= Beginning of Section =

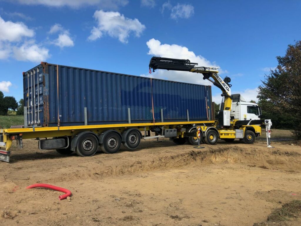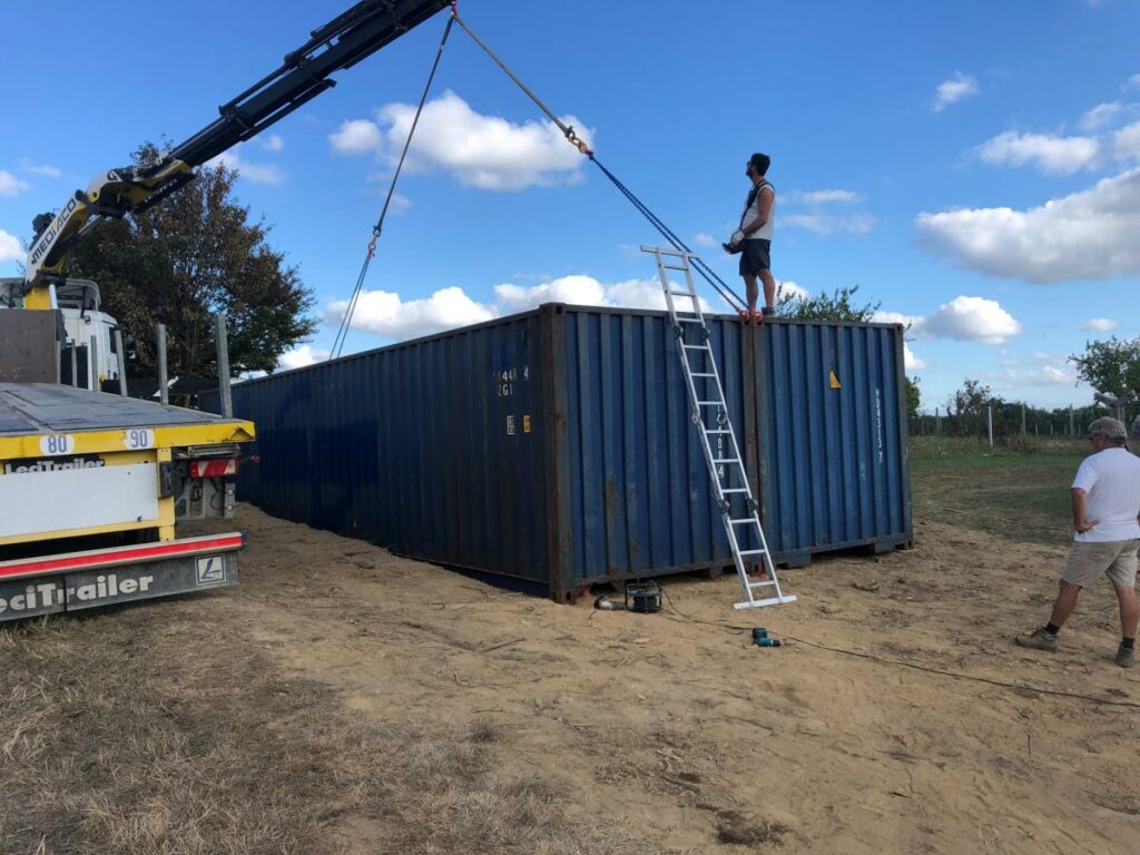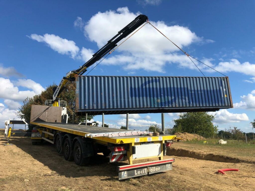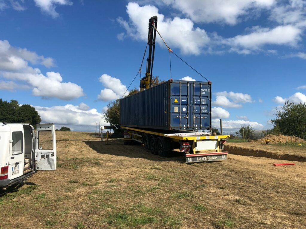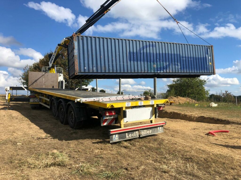 Ces containers seront transformés puis aménagés en garage / atelier, d’une surface de 56m². Coût des « murs » du garage: 5900€ TTC transport et déchargement compris.
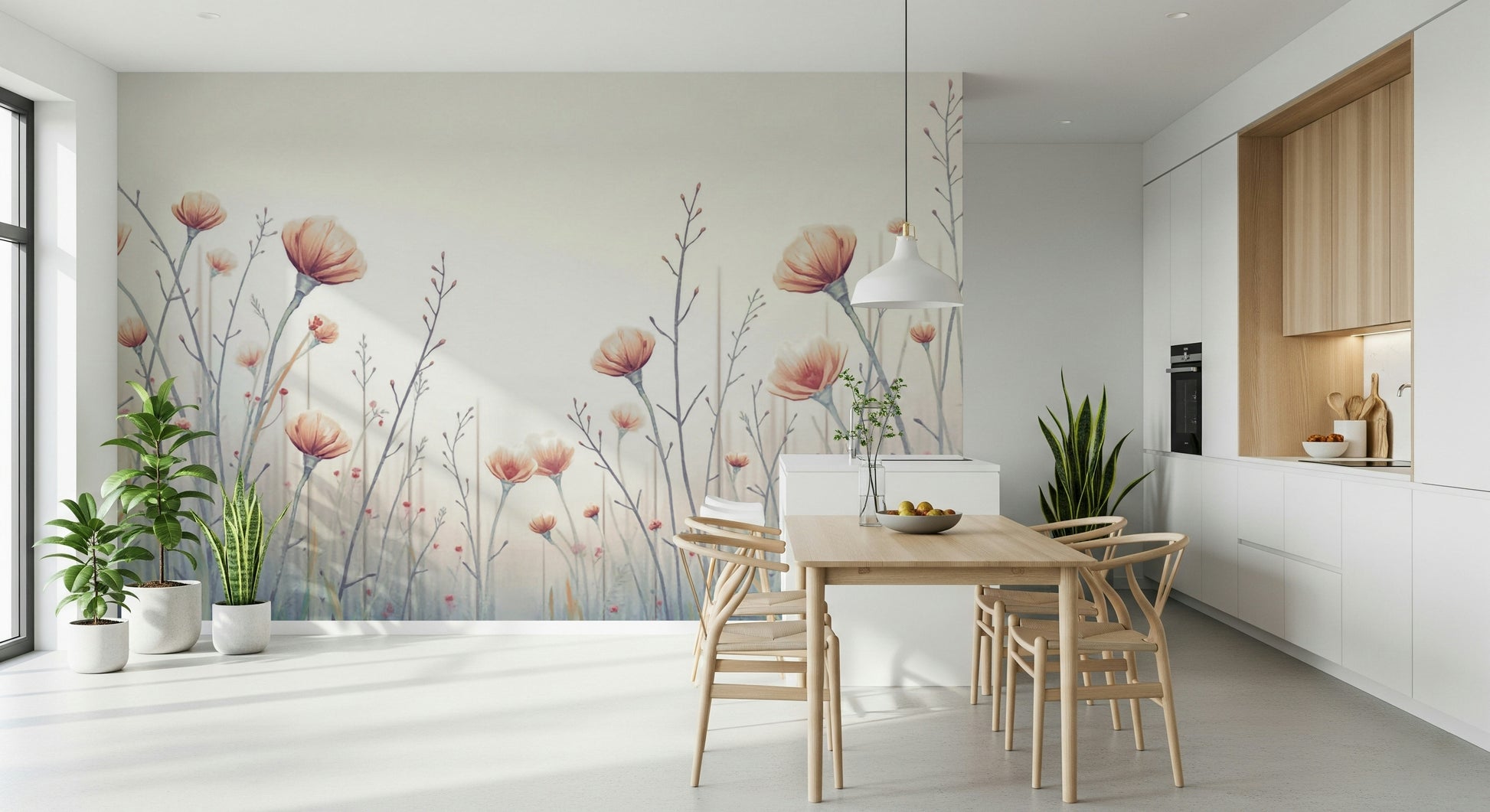Infuse your home with the understated charm of this floral wallpaper! Featuring graceful blossoms in subtle peach tones, set against a backdrop of muted greens and blues, it exudes a soothing and elegant vibe. This wallpaper for walls brings the beauty of a wildflower meadow indoors, creating a tranquil ambiance. The watercolour-like effect offers a soft, diffused aesthetic, ideal for bedrooms or any space where you desire a calm, relaxing atmosphere. Let this design effortlessly complement your interior, adding a touch of nature's beauty with a contemporary touch.
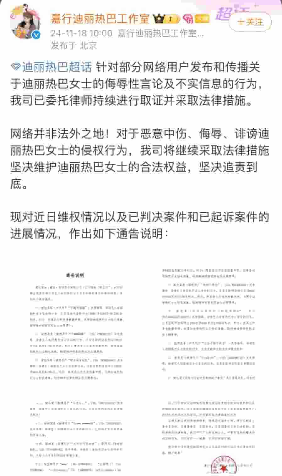 此前,迪丽热巴方发布告黑声明,对于恶意中伤、侮辱、诽谤迪丽热巴女士的侵权行为,平台将披露侵权主体的身份信息,并陆续对侵权个人提起诉讼。
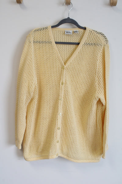 C.J. Banks Butter Yellow Crocheted Cardigan Sweater | 2X
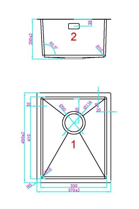 Valamu RV CUBE II 370*450 satiin
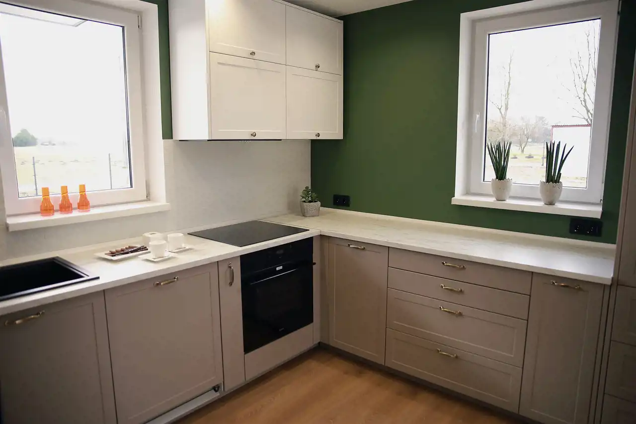 Czas na głównego bohatera oferty: DOM o powierzchni 131 m2 – został wybudowany w zgodzie z zasadami energooszczędności, zatem zyskujesz gwarancję minimalizacji kosztów zużycia energii. Funkcjonalny rozkład pomieszczeń sprawia, że to idealne miejsce dla rodziny. Na parterze znajdziesz przestronną strefę dzienną (salon z wyjściem na taras) płynnie połączoną z kuchnią oraz jadalnią i praktyczną spiżarnią. U progu wejścia do domu łazienka oraz dostępna z wiatrołapu kotłownia z funkcją pralni i garaż. We wnętrzu domu zaplanowano również pokój, który może idealnie pełnić rolę biura lub pokoju gościnnego. A co na poddaszu? Na poddaszu zaprojektowano cztery jasne sypialnie, garderobę oraz łazienkę. W ofercie znajdziemy pełne wyposażenie kuchni, dopracowane w każdym calu wykończenia łazienek oraz pokoi. Wystarczy odebrać klucze!
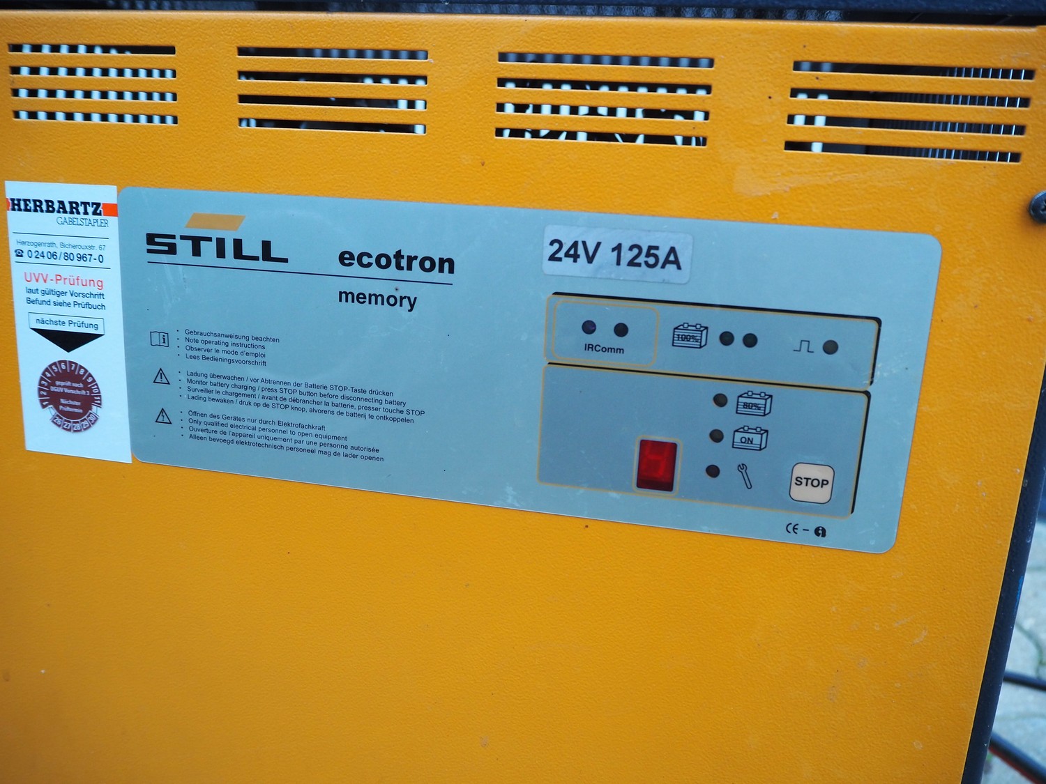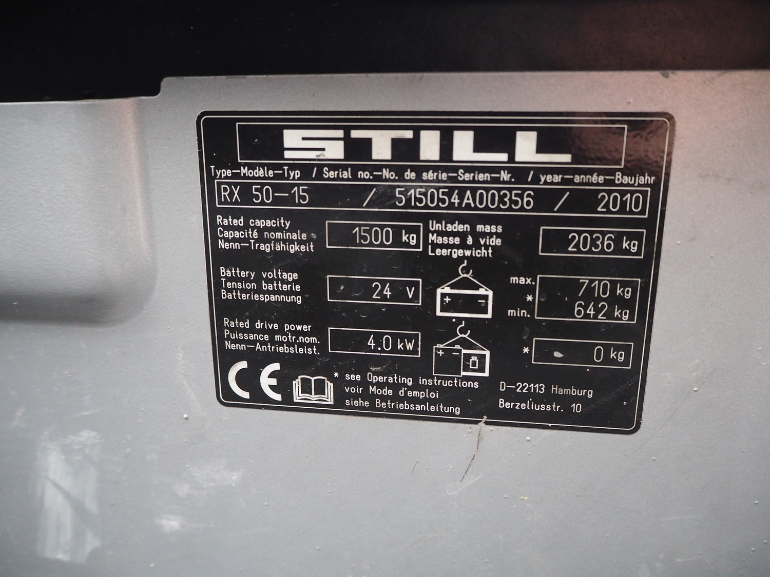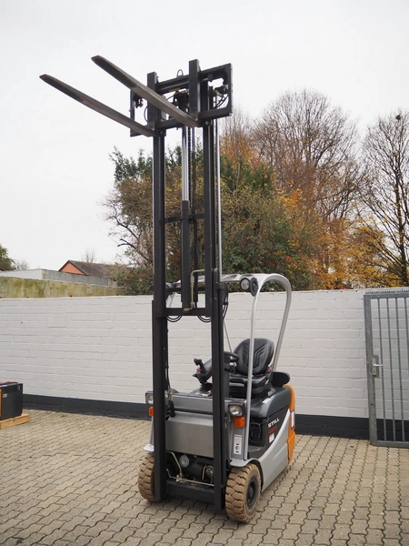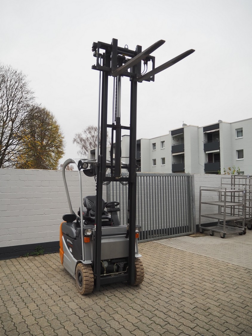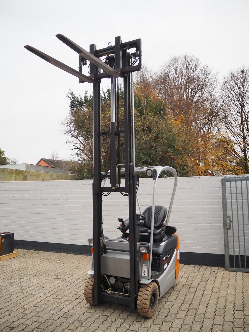 Still forklift truck, type: RX 50-15, serial number: 515054A00356, year of construction: 2010, rated capacity: 1500 kg, battery voltage: 24 V, unladen mass: 2036 kg, maximum / minimum battery weight: 710 / 642 kg, rated power drive: 4.0 kW, fork length: 1180 mm, duplex mast, side shift, dimensions forklift truck: 3000 mm x 1100 mm x 2100 mm, Still battery charger, model: D24V/125A, dimensions battery charger: 500 mm x 450 mm x 500 mm. Complete overhauled in 2024. Battery renewed 11/2024.

= End of Section =

■ Problem:
When you transcribe the lines above, keep every word exact but leave the pictures behind.

■ Result:
 Ces containers seront transformés puis aménagés en garage / atelier, d’une surface de 56m². Coût des « murs » du garage: 5900€ TTC transport et déchargement compris.
Infuse your home with the understated charm of this floral wallpaper! Featuring graceful blossoms in subtle peach tones, set against a backdrop of muted greens and blues, it exudes a soothing and elegant vibe. This wallpaper for walls brings the beauty of a wildflower meadow indoors, creating a tranquil ambiance. The watercolour-like effect offers a soft, diffused aesthetic, ideal for bedrooms or any space where you desire a calm, relaxing atmosphere. Let this design effortlessly complement your interior, adding a touch of nature's beauty with a contemporary touch.
 此前,迪丽热巴方发布告黑声明,对于恶意中伤、侮辱、诽谤迪丽热巴女士的侵权行为,平台将披露侵权主体的身份信息,并陆续对侵权个人提起诉讼。
 C.J. Banks Butter Yellow Crocheted Cardigan Sweater | 2X
 Valamu RV CUBE II 370*450 satiin
 Czas na głównego bohatera oferty: DOM o powierzchni 131 m2 – został wybudowany w zgodzie z zasadami energooszczędności, zatem zyskujesz gwarancję minimalizacji kosztów zużycia energii. Funkcjonalny rozkład pomieszczeń sprawia, że to idealne miejsce dla rodziny. Na parterze znajdziesz przestronną strefę dzienną (salon z wyjściem na taras) płynnie połączoną z kuchnią oraz jadalnią i praktyczną spiżarnią. U progu wejścia do domu łazienka oraz dostępna z wiatrołapu kotłownia z funkcją pralni i garaż. We wnętrzu domu zaplanowano również pokój, który może idealnie pełnić rolę biura lub pokoju gościnnego. A co na poddaszu? Na poddaszu zaprojektowano cztery jasne sypialnie, garderobę oraz łazienkę. W ofercie znajdziemy pełne wyposażenie kuchni, dopracowane w każdym calu wykończenia łazienek oraz pokoi. Wystarczy odebrać klucze!
 Still forklift truck, type: RX 50-15, serial number: 515054A00356, year of construction: 2010, rated capacity: 1500 kg, battery voltage: 24 V, unladen mass: 2036 kg, maximum / minimum battery weight: 710 / 642 kg, rated power drive: 4.0 kW, fork length: 1180 mm, duplex mast, side shift, dimensions forklift truck: 3000 mm x 1100 mm x 2100 mm, Still battery charger, model: D24V/125A, dimensions battery charger: 500 mm x 450 mm x 500 mm. Complete overhauled in 2024. Battery renewed 11/2024.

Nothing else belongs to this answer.